- Episode no.: Season 2 Episode 15
- Directed by: Corey Allen
- Story by: Jim Trombetta; James Crocker;
- Teleplay by: Jeff King; Richard Manning; Hans Beimler;
- Production code: 435
- Original air date: February 14, 1994

Guest appearances
- Gail Strickland as Alixus; Julia Nickson as Cassandra; Steve Vinovich as Joseph; Michael Buchman Silver as Vinod; Erick Weiss as Stephen;

Episode chronology
| ← Previous "Whispers" | Next → "Shadowplay" |
- Star Trek: Deep Space Nine season 2

= Paradise (Star Trek: Deep Space Nine) =

"Paradise" is the 35th episode of the science fiction television series Star Trek: Deep Space Nine, and it is the 15th episode of the second season.

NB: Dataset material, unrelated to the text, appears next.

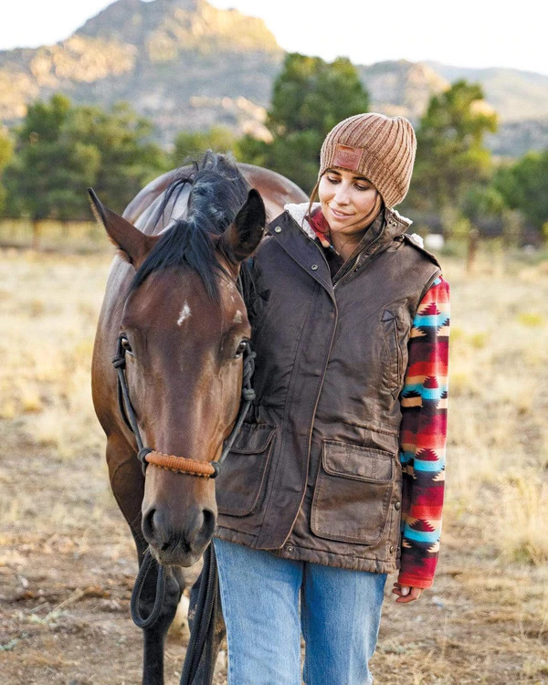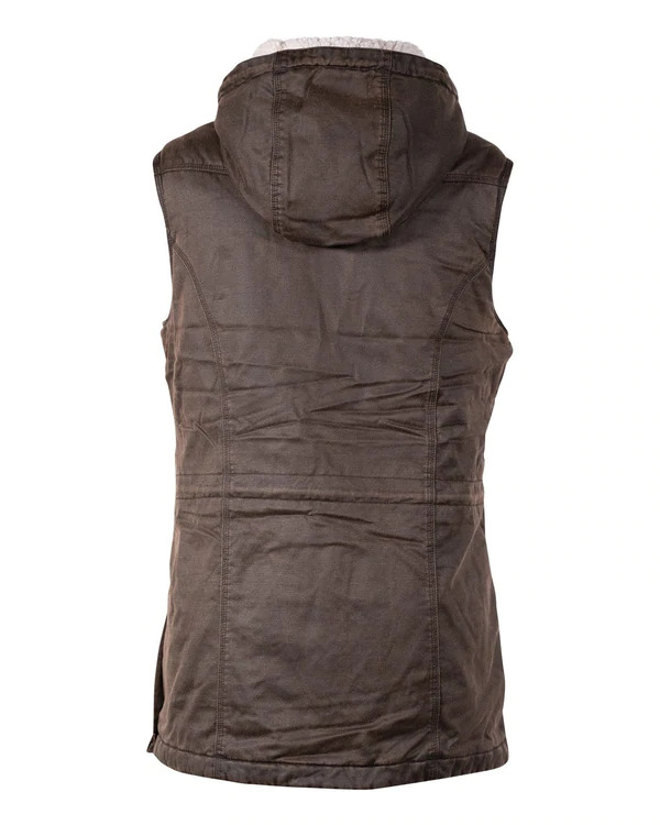 The Woodbury is crafted in Outback Trading's Canyonland fabric, so it has the look of oilskin without the oil. It's even water resistant! Add to that the super-soft sherpa lining, a hood, and a drawstring waist and you have a vest that's flattering to the figure and toasty warm. It's the perfect companion for the cooler months of the year!

Set in the 24th century, the series follows the adventures of the crew of the Starfleet-run space station Deep Space Nine. In this episode, Commander Sisko (played by Avery Brooks) and Chief O'Brien (played by Colm Meaney) find themselves stranded on a world populated by survivors of a shipwrecked expedition, where none of their devices will function.

==Plot==
While on a reconnaissance mission in a runabout, O'Brien and Sisko discover human life signs on an uncharted planet. Beaming to the surface, they discover that a duonetic energy field has disabled their electronic devices and they cannot return to their runabout. They meet Joseph and Vinod, part of a group of colonists who became stranded ten years ago in a similar fashion. The leader of the colonists is Vinod's mother, Alixus; prior to becoming stranded, she was a philosopher critical of humans' dependence on technology.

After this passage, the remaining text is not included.